[Records excerpted from a collection]
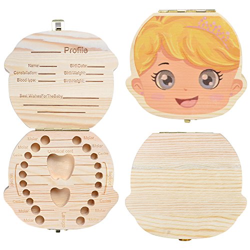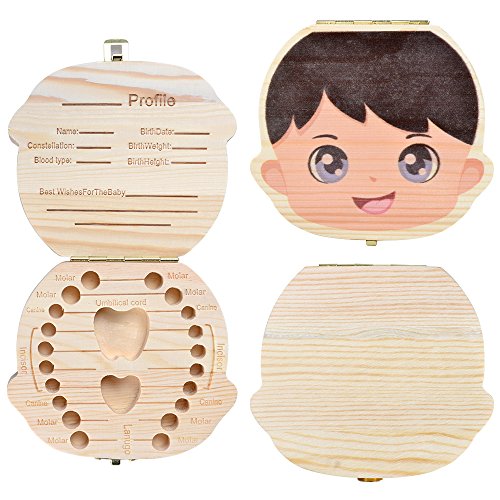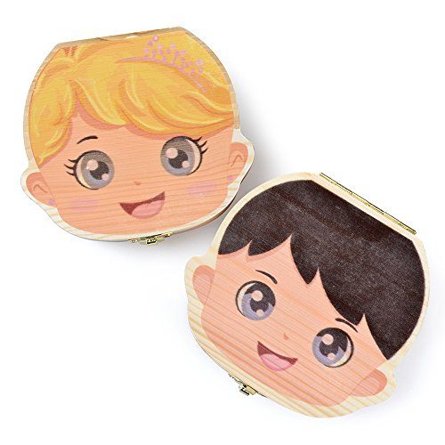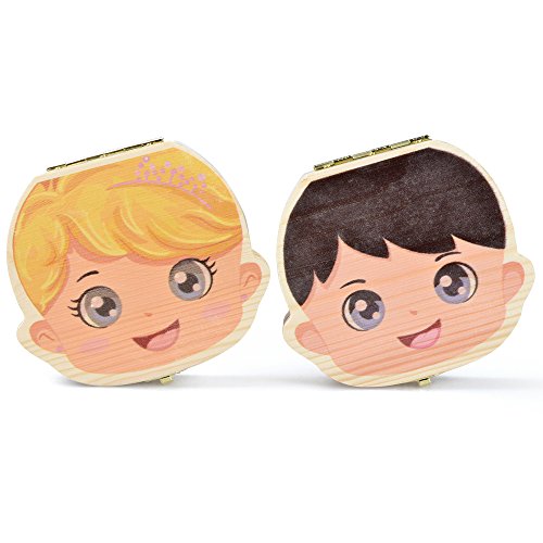 Eteng Colorized Baby Tooth Storage Box Wood Case Milk Teeth Saver Organizer for kids Boy & Girl (Boy&Girl)
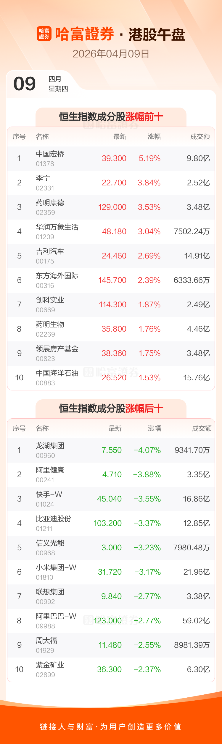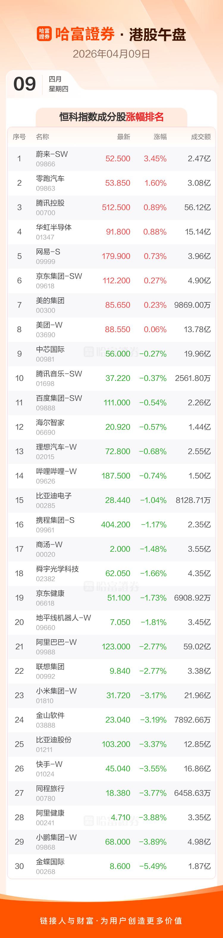 港股4月9日午盘走低,恒生指数收报25801.87点,跌91.15点,跌幅0.35%;恒生科技指数收报4861.15点,跌62.1点,跌幅1.26%。恒生指数成分股中中国宏桥、李宁、药明康德涨幅居前,龙湖集团、阿里健康、快手-W跌幅靠前。恒生科技指数成分股中蔚来-SW、零跑汽车、腾讯控股涨幅居前,金蝶国际、小鹏集团-W、阿里健康跌幅靠前。
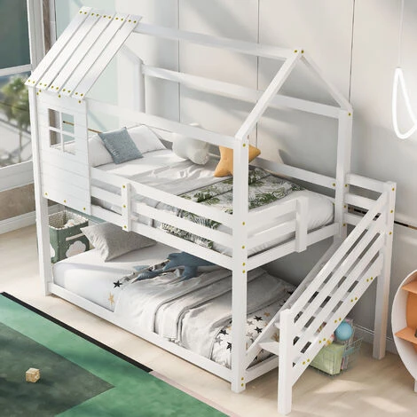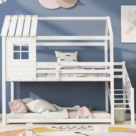 Lit superposé, lit avec escalier d’angle, lit cabane, lit d’enfant avec protection contre les chutes et garde-corps, avec fenêtre, cadre en pin, blanc (200x90cm)
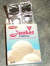 Junket is a milk-based dessert, made with sweetened milk and rennet, the digestive enzyme that curdles milk. Some older cookery books call the dish curds and whey.[1]
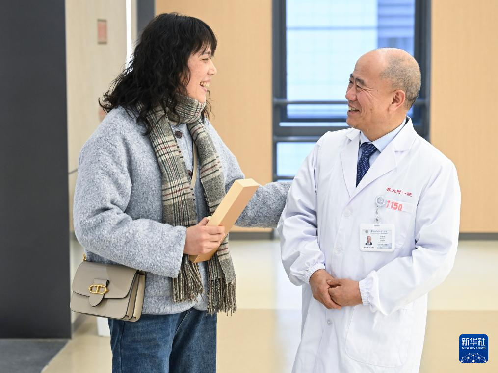 24年前獲得救治的患者來到醫院看望吳德沛(2025年2月17日攝)。
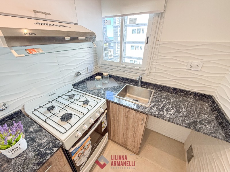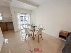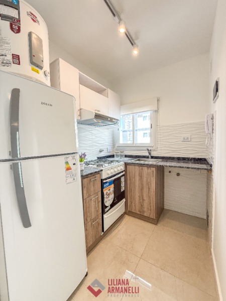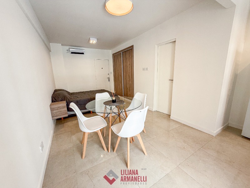 Departamento de 1 ambiente totalmente reciclado. Amplio ambiente a la calle con balcón saliente. Cocina con amoblamiento a medida y ventilación natural. Placard. Baño completo con mampara. Aberturas en DVH. Pisos de porcelanato. Aire frio calor. Muebles a estrenar. 27.75 mts. Ubicado en Entre Rios y Rivadavia.
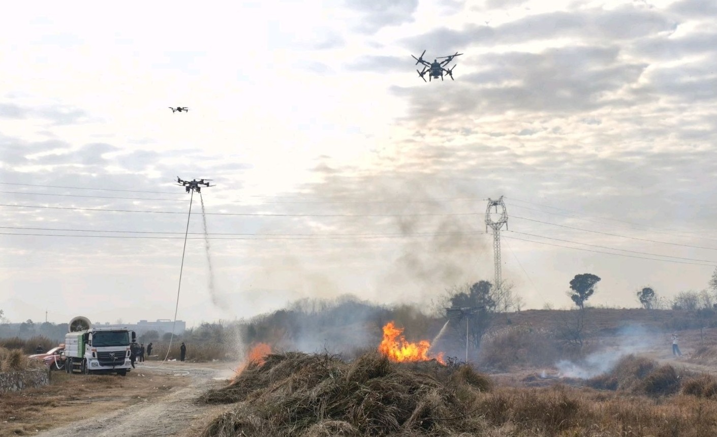 在应急救援领域,低空科技应用同样展现出强劲的实战能力。2025年12月,由市农发集团主办、农兴低空公司承办的森林防灭火“地空”联合应急演练在罗家桥街道走马山林区举行。演练中,侦查无人机快速定位火情、生成三维模型,灭火无人机精准投弹、高空洒水,与地面救援队伍形成高效协同作战体系,推动森林防灭火工作从“传统防控”向“科技赋能”转型,充分彰显了低空经济的应用价值。
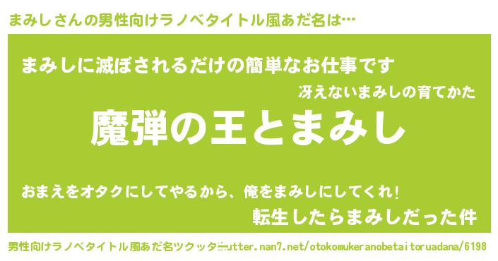 | 女子向けラノベタイトル風あだ名 | 『まみしが死なない童話 林檎のまみしの診療簿』 |
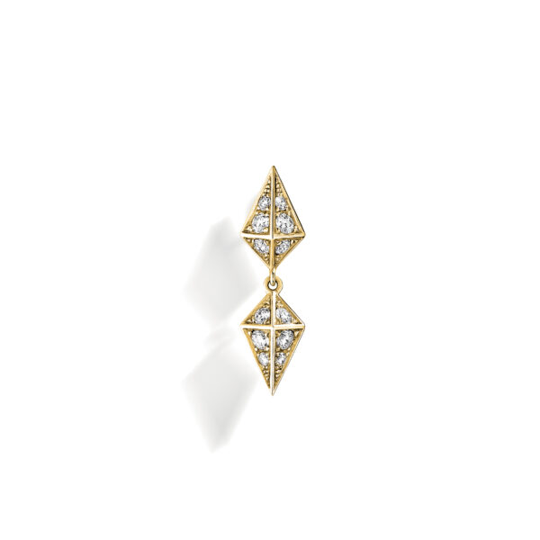 Pendiente Rockaway en oro, engastado con 12 diamantes talla brillante, calidad G-VS, de 0,28 quilates. Tamaño : 2cm x 0,6cm.
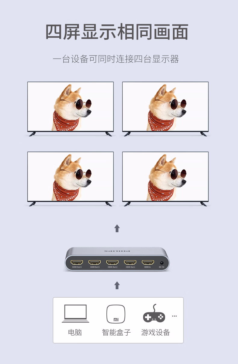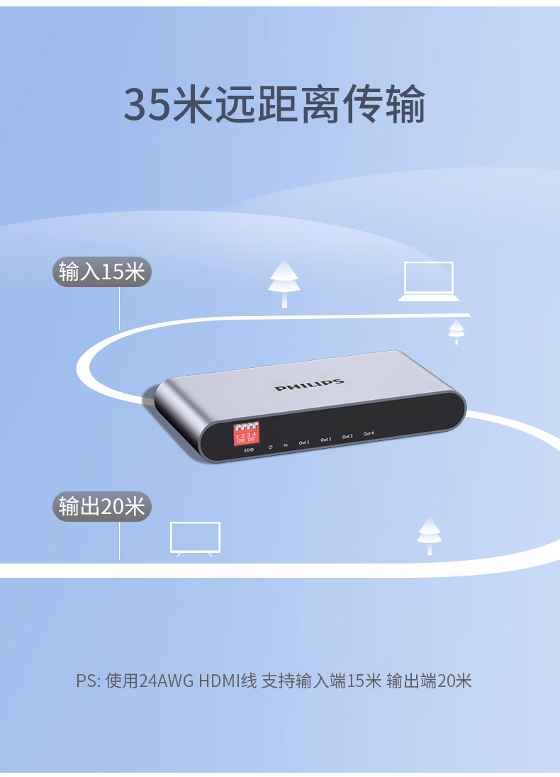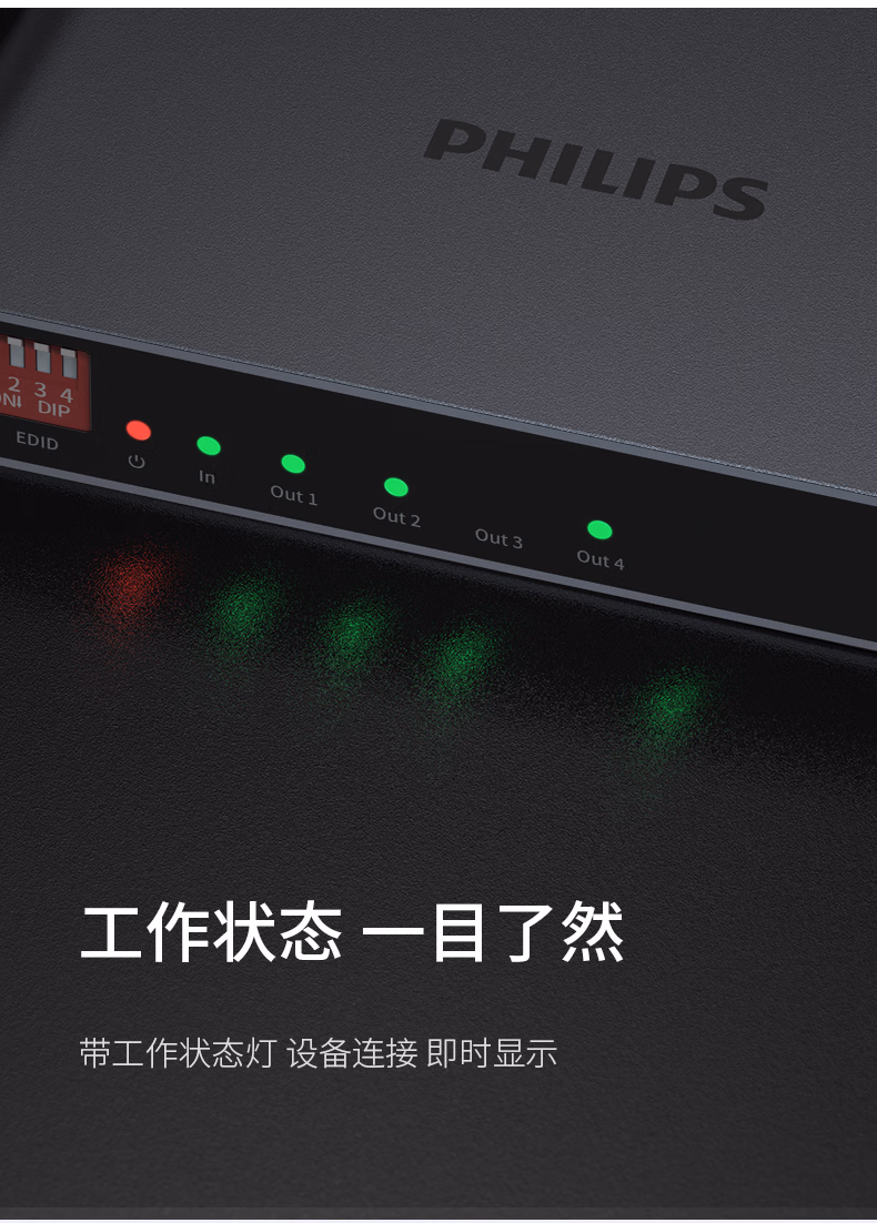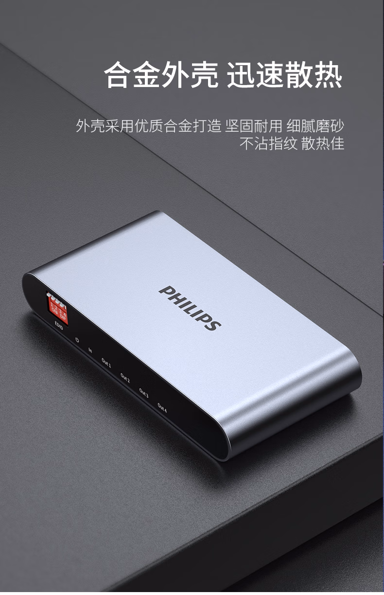 飞利浦 HDMI分配器1进4出/2出4K数字高清视频分屏器笔记本电脑电视盒子接显示器投影仪一分二/四 一进二出分配器(4K60Hz)
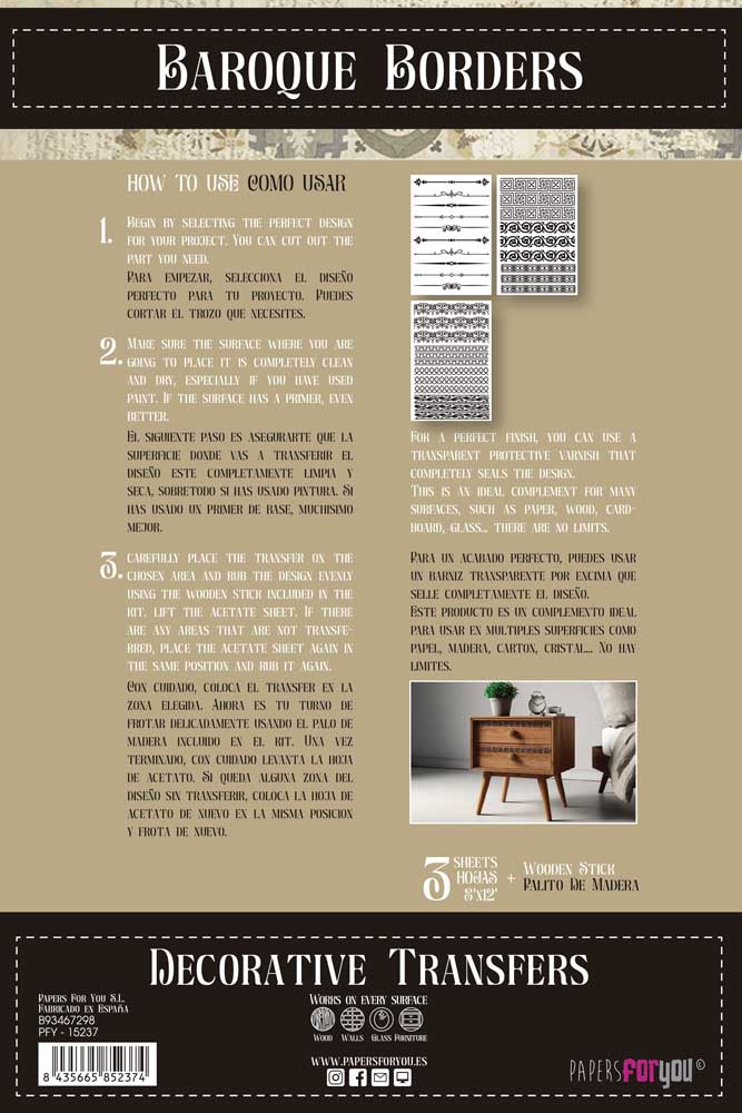 PFY-15237 – Decorative Transfers 20x30cm 8″x 12″ 3 Hojas (Baroque Borders) – pack 2 ud.
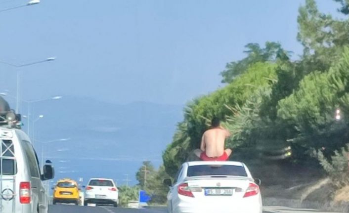 Olay, Süleyman Demirel Bulvarı üzerinde meydana geldi. Edinilen bilgiye göre, seyir halinde ilerleyen bir aracın tavanına oturup alkol aldığı iddia edilen bir kişi, çevredeki vatandaşların cep telefonları ile saniye saniye kaydedildi. Sosyal medyaya düşen görüntüler sonrası harekete geçen Kuşadası İlçe Emniyet Müdürlüğü’ne bağlı Trafik Büro Amirliği ekipleri, sürücü A.G.’ye ve seyir halindeki aracın tavanına çıkıp oyun oynayan S.K.’ye, trafik güvenliğini tehlikeye düşürmek suçundan cezai işlem uygulandı. Sürücüye ve otomobilin tavanına çıkıp oynayan şüpheli hakkında ayrıca adli işlem başlatıldı.
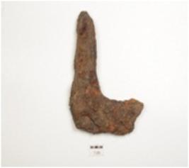 | Description / विवरण | Fragment of iron sickle, thick handle along one end, L- shaped blunt cutting edge on the other end. |
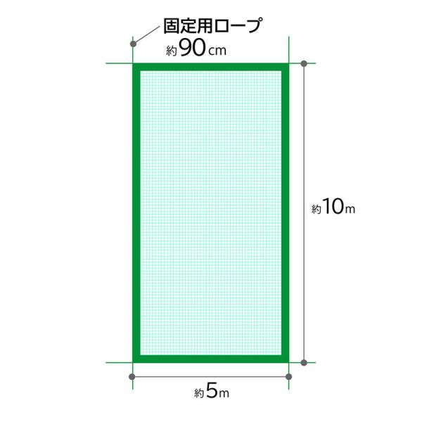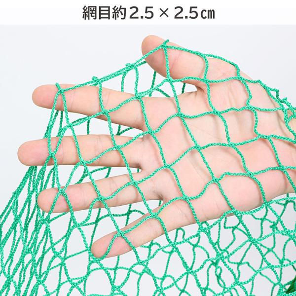 サイズ:約幅5m×奥行10m、網目約2.5×2.5cm、紐約90cm、
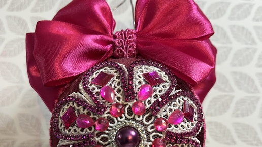 Создание новогодних украшений. Декор елочного шара в бархате кружевом, стразами.
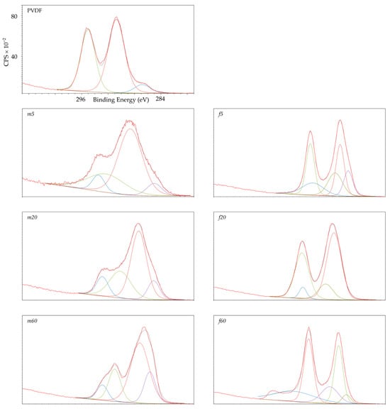It was expected that the percentages of these two peaks would decrease the peaks of CH2 and CF2 and maintain the same ratio as observed in pristine PVDF for HF formation, according to the reaction described above. However, Table 2 suggests that the ratio of C=C to -COOH varies in each sample. With extended reaction times, other reaction pathways may emerge, potentially causing an imbalance between the formation of new C=C bonds and the reduction of CF2 and CH2 groups. Moreover, VDF monomer additions in the polymerization process can occur head-to-head instead of head-to-tail, leading to 5–10% regioirregular defects in the pristine PVDF material [28], which can contribute to these observed variations in our products.

TASK: Print the data again, word for word, without any pictures.

RESULT:
 Eteng Colorized Baby Tooth Storage Box Wood Case Milk Teeth Saver Organizer for kids Boy & Girl (Boy&Girl)
 港股4月9日午盘走低,恒生指数收报25801.87点,跌91.15点,跌幅0.35%;恒生科技指数收报4861.15点,跌62.1点,跌幅1.26%。恒生指数成分股中中国宏桥、李宁、药明康德涨幅居前,龙湖集团、阿里健康、快手-W跌幅靠前。恒生科技指数成分股中蔚来-SW、零跑汽车、腾讯控股涨幅居前,金蝶国际、小鹏集团-W、阿里健康跌幅靠前。
 Lit superposé, lit avec escalier d’angle, lit cabane, lit d’enfant avec protection contre les chutes et garde-corps, avec fenêtre, cadre en pin, blanc (200x90cm)
 Junket is a milk-based dessert, made with sweetened milk and rennet, the digestive enzyme that curdles milk. Some older cookery books call the dish curds and whey.[1]
 24年前獲得救治的患者來到醫院看望吳德沛(2025年2月17日攝)。
 Departamento de 1 ambiente totalmente reciclado. Amplio ambiente a la calle con balcón saliente. Cocina con amoblamiento a medida y ventilación natural. Placard. Baño completo con mampara. Aberturas en DVH. Pisos de porcelanato. Aire frio calor. Muebles a estrenar. 27.75 mts. Ubicado en Entre Rios y Rivadavia.
 在应急救援领域,低空科技应用同样展现出强劲的实战能力。2025年12月,由市农发集团主办、农兴低空公司承办的森林防灭火“地空”联合应急演练在罗家桥街道走马山林区举行。演练中,侦查无人机快速定位火情、生成三维模型,灭火无人机精准投弹、高空洒水,与地面救援队伍形成高效协同作战体系,推动森林防灭火工作从“传统防控”向“科技赋能”转型,充分彰显了低空经济的应用价值。
 | 女子向けラノベタイトル風あだ名 | 『まみしが死なない童話 林檎のまみしの診療簿』 |
 Pendiente Rockaway en oro, engastado con 12 diamantes talla brillante, calidad G-VS, de 0,28 quilates. Tamaño : 2cm x 0,6cm.
 飞利浦 HDMI分配器1进4出/2出4K数字高清视频分屏器笔记本电脑电视盒子接显示器投影仪一分二/四 一进二出分配器(4K60Hz)
 PFY-15237 – Decorative Transfers 20x30cm 8″x 12″ 3 Hojas (Baroque Borders) – pack 2 ud.
 Olay, Süleyman Demirel Bulvarı üzerinde meydana geldi. Edinilen bilgiye göre, seyir halinde ilerleyen bir aracın tavanına oturup alkol aldığı iddia edilen bir kişi, çevredeki vatandaşların cep telefonları ile saniye saniye kaydedildi. Sosyal medyaya düşen görüntüler sonrası harekete geçen Kuşadası İlçe Emniyet Müdürlüğü’ne bağlı Trafik Büro Amirliği ekipleri, sürücü A.G.’ye ve seyir halindeki aracın tavanına çıkıp oyun oynayan S.K.’ye, trafik güvenliğini tehlikeye düşürmek suçundan cezai işlem uygulandı. Sürücüye ve otomobilin tavanına çıkıp oynayan şüpheli hakkında ayrıca adli işlem başlatıldı.
 | Description / विवरण | Fragment of iron sickle, thick handle along one end, L- shaped blunt cutting edge on the other end. |
 サイズ:約幅5m×奥行10m、網目約2.5×2.5cm、紐約90cm、
 Создание новогодних украшений. Декор елочного шара в бархате кружевом, стразами.
It was expected that the percentages of these two peaks would decrease the peaks of CH2 and CF2 and maintain the same ratio as observed in pristine PVDF for HF formation, according to the reaction described above. However, Table 2 suggests that the ratio of C=C to -COOH varies in each sample. With extended reaction times, other reaction pathways may emerge, potentially causing an imbalance between the formation of new C=C bonds and the reduction of CF2 and CH2 groups. Moreover, VDF monomer additions in the polymerization process can occur head-to-head instead of head-to-tail, leading to 5–10% regioirregular defects in the pristine PVDF material [28], which can contribute to these observed variations in our products.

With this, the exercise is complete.